Friday, June 30, 2017

Digital Business Operations the new mode for IT Operations

Recent conversations I've had with others in the IT Operations space helped formulate an idea I have been working on for a while concerning the future of Ops. The old mode of operating, you can call it ITIL based, or mode 1, or whatever you prefer is not going to be the primary mode of operations in the long term. Senior leadership has acknowledged this and made concerted efforts to change their habits of hiring, spending, and roadmaps for technology and delivery of new functionality.

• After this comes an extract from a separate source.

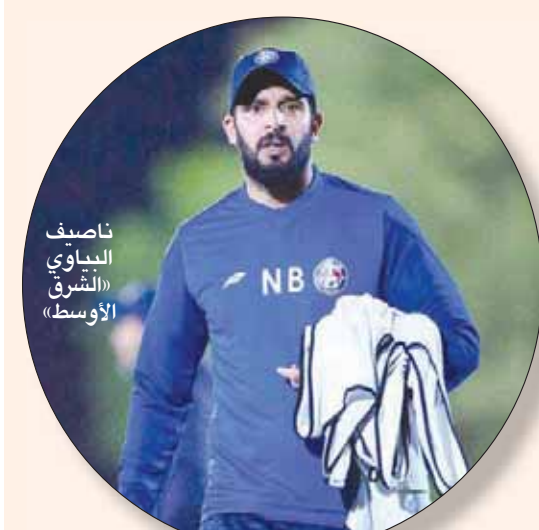
ناصر البياوي الشرق الأوسط

الدمام: علي القطان وسجل صانداو هدفاً لفريقه ضد الشعلة في بطولة الكأس والتي كسبها العدالة بفريقين نظيفين تاهل على أثر ذلك للدور ربع النهائي لمواجهة النصر في الأحساء. ويرتبط صانداو الذي يلعب في خط الدفاع بعقد لمدة عامين مع العدالة، وسبق له أن خاض تجارب جيدة مع فرق العين الإماراتي والفتح الريايطي ونيابري السنغالي إضافة إلى الفتح السعودي. ويستعد العدالة لمواجهة

More advanced teams operating in an agile manner, or mode 2 consist of smaller more integrated teams made up of individuals with different skills. These teams are meeting today's digital business challenges. In most enterprises, these teams are part of a bimodal strategy, but bridging the gap between mode 1 and mode 2 is something few have solved. I'm personally not sure this is possible due to cultural and fundamental differences in beliefs and trust. In many organizations, there is a high degree of variability on the level of investment between mode 1 and mode 2, but most leaders agree the future is moving more of the staff towards mode 2 due to business demand. Listening to customers is key.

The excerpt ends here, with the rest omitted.